What you have to do: What is needed is an exact copy of the lines in the listing below, from the one with "Bench without Shoe Rack Upgrade" up to and including the one with "X826W Color: White Lace", with no other lines.

Input data:
= = =
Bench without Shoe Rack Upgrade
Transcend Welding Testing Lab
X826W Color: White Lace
= = =
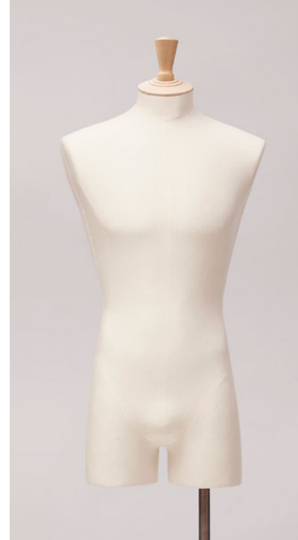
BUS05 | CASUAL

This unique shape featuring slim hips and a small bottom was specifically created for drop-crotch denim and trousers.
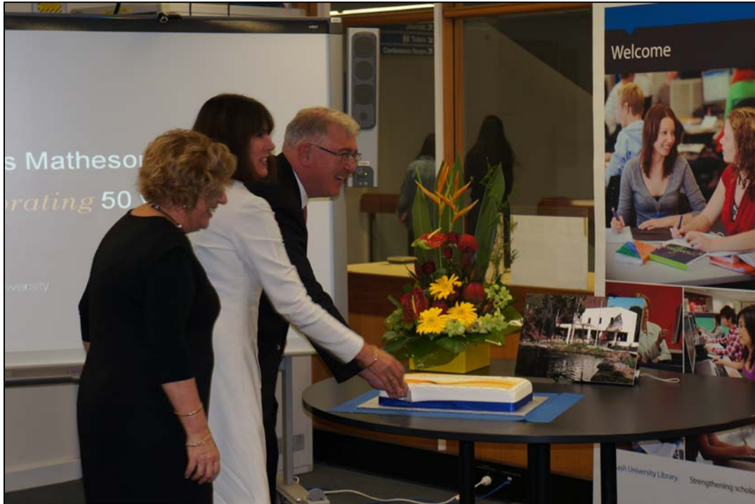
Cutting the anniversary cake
= = =
Solution:
Bench without Shoe Rack Upgrade
Transcend Welding Testing Lab
X826W Color: White Lace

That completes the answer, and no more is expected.